En vacances chez ses parents à Dol-de-Bretagne, il espère décrocher l’internat de Paris qu’il présentera à la rentrée.
C’est au collège de Saint-Malo où son père a été pensionnaire avant lui qu’il a pris goût aux études et décidé de son futur métier: il sera médecin comme son père.

Le 2 août, son destin bascule.
Perdu dans la foule des appelés sur le quai de la gare, il repère un ancien camarade du collège de Saint-Malo, Joseph Michel.
Ils feront leurs classes ensemble à la caserne de Saint-Lô où ils recevront leur affectation.

Joseph sera médecin aide-major d’un régiment d’artillerie, et Louis médecin auxiliaire d’un régiment d’infanterie.
Lors d’une permission, Louis rendra visite à Joseph, grièvement blessé à l’hôpital de Saint-Servan, peu de temps avant sa mort en 1918.
"J’ai laissé à Saint-Lô mes amitiés de jeunesse.
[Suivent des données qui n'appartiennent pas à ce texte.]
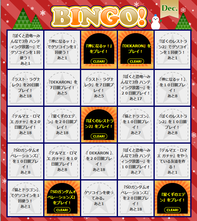 ーーー 広告 ---ーーーーーーーーーーゲソてん 2024年 12月ビンゴでスター・エッグがもらえるゲーム一覧です☆ゲーム一覧1. ラスト・ラグナレク(7/20)2. DEKARON(1/7/20)3. ぼくと恐竜(10/20/coin)4. 神になる(1/10/coin)5. テルマエ・ロマエガチャ(10/20/friend)6. 星くずのエデン(1/20)7. 猫とドラゴン(10/coin)8. ぼくのレストラン2(1/10/coin)9. SDガンダムオペレーションズ(1/10/20)+10. (ゲームでcoinを使う)11. (ゲームをやっている友達をつくる)ーーーBINGO!ーーー☆報酬BINGOx1 : スターx30BINGOx2 : スターx30 + 50エッグBINGOx3 : スターx30BINGOx4 : スターx30+100エッグBINGOx5 : スターx50+300エッグBINGOx12: 1,000エッグ+ 山分け1,000エッグ:100ゲソコインに交換可能3,000エッグ:330ゲソコインに交換可能ーーー☆BINGOの並びGame Playだけだと 3 BINGOGame Play +どれかでCoin使用で5 BINGcoincoinplayplaycoinplayplayplayplayplayplayplayplayplayplayplayplayplayplayfriendcoinplaycoinplayplay先月までは、ゲームを遊ぶだけで 5 BINGO 達成できたのですが、今月からは ゲソコインを使わないと(課金しないと) 5 BINGO 達成できなくなったようです☆ゲソコイン使用ぼくと恐竜:有償ダイヤ=120コイン~神になる:元宝:VIPパープルダイヤ=145ゲソコイン~ぼくのレストラン:スタミナドリンクミニ=20ゲソコイン~猫とドラゴン:スライムパウダー3個セット=90ソコイン~うーむ…ーーー2024/12/3 6:00 公開googleで検索できない2024/12/25 やっぱりgoogleで検索できないーーーー関連記事ーーーー2025/1/1 PontaゲームスPro マンスリーミッション(2025年1月)2025/1/1 ゲソてん 2025年1月ビンゴーーー2024/12/3 PontaゲームスPro マンスリーミッション(2024年12月)2024/12/3 ゲソてん 2024年12月ビンゴ2024/11/29 AliExpress MergeBossのMillionaire Challengeのクリア報酬がもらえました2024/11/10 MergeBoss(マージボス) Millionaire Challenge(2024/11)2024/11/5 MergeBoss(マージボス) Daily Missions (2024/11)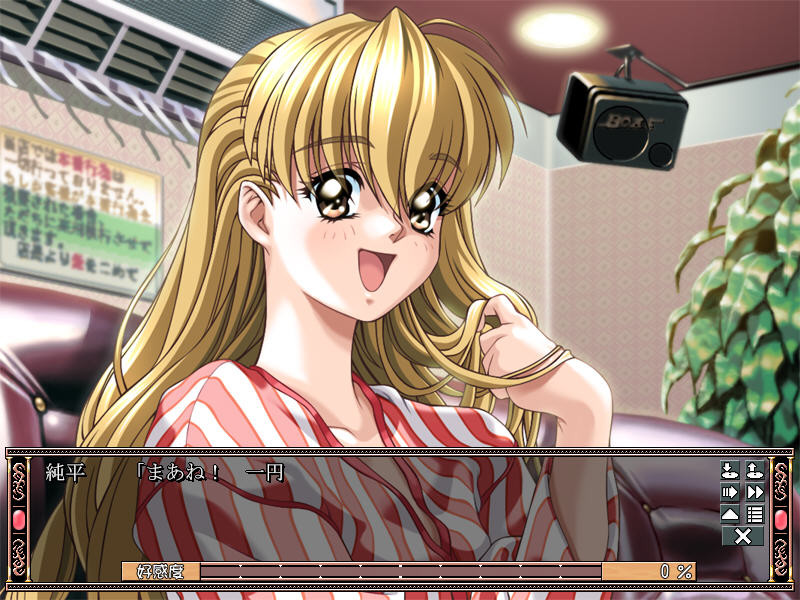 The protagonist is an average guy. One day in the street I meet up a agent who introduces me into a H shop (Image Club). I'm unwilling because it may be coarse, but he confidently says to me that there's a pretty girl in the shop, so I change my mind and get in. Yes! A beautiful and nice girl named Candy welcomes me. From now on the story's simple. We talk familiarly for a while and take a H situation-play. From time to time I meet up a girl in the street who resembles Candy in appearance but she says she doesn't know me. Who is she?

Presque tous mes camarades qui partirent au front n’en revinrent jamais".

Ce constat de Louis Maufrais dans son témoignage "J’étais médecin dans les tranchées", est à l’image du carnage de la guerre 14-18, dont la Bretagne a payé un lourd tribut.
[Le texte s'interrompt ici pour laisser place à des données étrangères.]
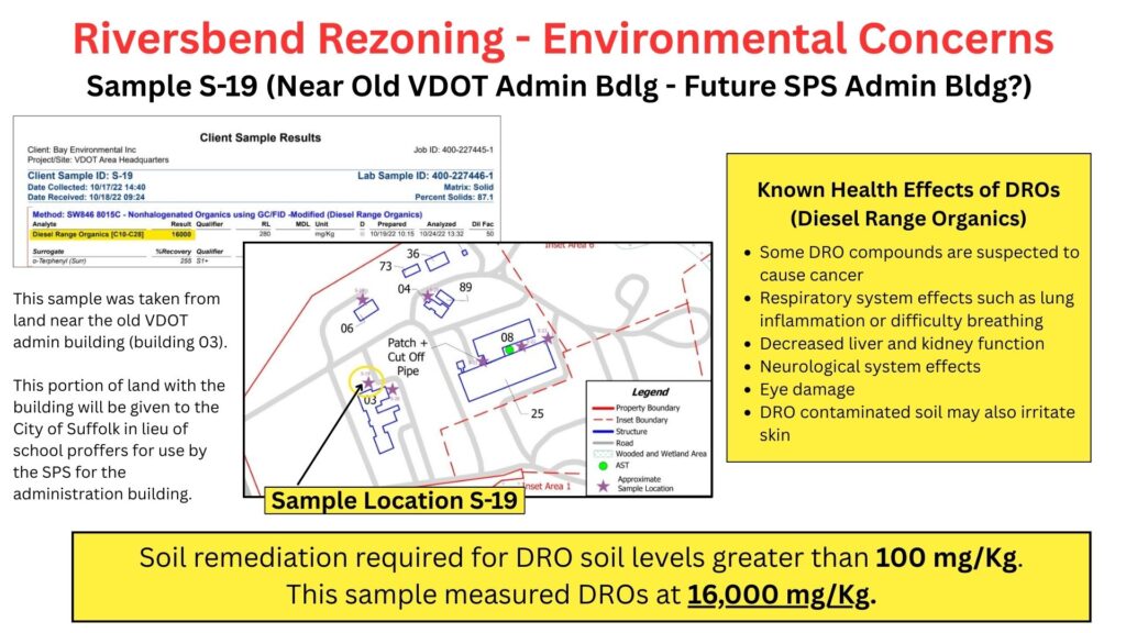 The high levels of DROs, the associated health risks, and the remediation were not included in Mr. Hughe’s presentations (there were two!) to Suffolk’s School Board about the VDOT administration building. Is the School Board even aware of this? They already would have to contend with the mold, asbestos, and lead paint in the building itself. Do they want to add this remediation cost and time to their limited window to complete a new school administration building?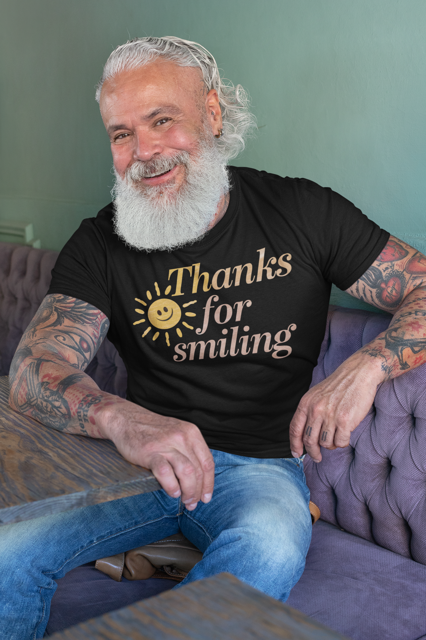 Brighten your day—and everyone else’s—with this uplifting t-shirt! Featuring a cheerful sun graphic and the warm caption "Thanks for Smiling," this tee radiates positivity and is perfect for spreading good vibes wherever you go.

Versé dans le 94e RI, il part sur le front d’Argonne en février 1915.
Dans le bois de la Gruerie, dénommé le "bois de la tuerie" par les poilus, il assure les premiers soins avec des moyens dérisoires dans des postes de secours souvent bombardés.
Avec le défi permanent de trouver des brancardiers pour évacuer les grands blessés.
Les plaies provoquées par les éclats d’obus et les grenades sont monstrueuses.
Il est également confronté aux traumatismes psychiques causés par les bombardements.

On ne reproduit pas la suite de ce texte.